Kids love to watch real aeroplanes (not toy ones) at the waving gallery of Singapore's Changi Airport in 1986 as the aeroplanes take-off and landing at the airport runways.

It was fun and exciting to watch these aeroplanes so small from a distance in the sky and how they become bigger when landed at the airport.

Our airport is among the busiest in the world with every few minutes for aeroplanes to arrive and depart to serve the international passengers.  It has consistently been rated the world's preferred airport by frequent travellers and readers of influential and popular publications.

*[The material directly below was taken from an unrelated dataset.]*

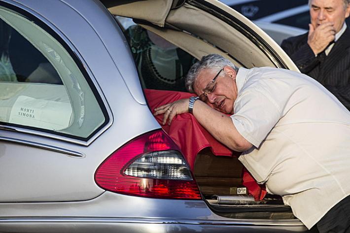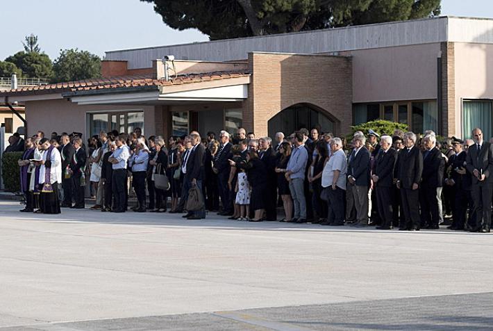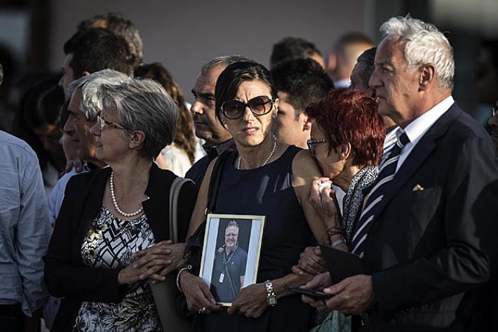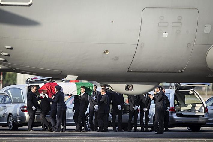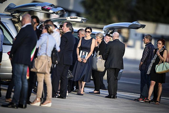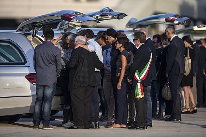 Gentiloni è stato accanto al capo dello Stato durante le lunghe operazioni di sbarco dei feretri (un’ora circa), al termine delle quali Mattarella si è fermato per un istante in raccoglimento davanti alle bare, un istante appena per poi lasciare subito spazio ai familiari, al loro dolore per l’ultimo saluto ai congiunti. Lacrime, abbracci, lo straziante saluto di don Luca Monti, il fratello di Simona, che ha baciato piangendo il feretro della trentenne che aveva da poco scoperto di aspettare un bambino. E poi ancora, tra i familiari, una bimba con il suo vestito a fiori e un nastro tra i capelli ferma in attesa delle bare e Giovanni Boschetti, che è riuscito a salvarsi mentre sua moglie veniva massacrata e una giovane donna, con in mano una cornice con la foto di Cristian Rossi, il manager di 47 anni che aveva due gemelline di tre anni.

The airport was my kids' favorite place for weekend outings ..... to watch the aeroplanes, roving around the spacious places in airconditioned comfort, funstuff like riding on a trishaw, foodies for kids and of course, ice-cream at Swensons :)

Travelling in a trishaw is fun for children to remember their childhood memories. 

The 2 photos taken at Changi Airport Terminal 1 in the 1980s of a trishaw, displayed by the Singapore Promotion Board which was a favorite among kids for taking the photos.

A&W All American Food in Singapore

The 'Great Root Bear' is the popular mascot for A & W Root Beer.  It was first used in 1974 Canadian A & W, and was adopted by the American chain, the Great Root Bear's role as mascot.  In the above photos, my 2-year-old daughter was nervous when carried by the Great Root Bear in 1982.

The taste of nostalgia lures snaking queues of A&W fans to Jewel Changi Airport. 

A&W - which stands for Allen and Wright - made its debut in Singapore in 1966 at Dunearn Road, and the first A&W drive-through opened in 1970 at Bukit Timah Road.

The fast-food joint's hamburgers, hot dogs and root beer soon became popular among Singaporeans and it is believed its success helped pave the way for other fast-food establishments to set up shop in Singapore, including McDonald's (1979), Kentucky Fried Chicken (1977) and Burger King (1982)/

However, by 2003, A&W faced stiff competition from its competitors and shuttered its remaining outlets.

With the opening of Jewel Changi Airport, however, the well-loved chain is back with an 80-seater outlet, which will be open 24-hours a day.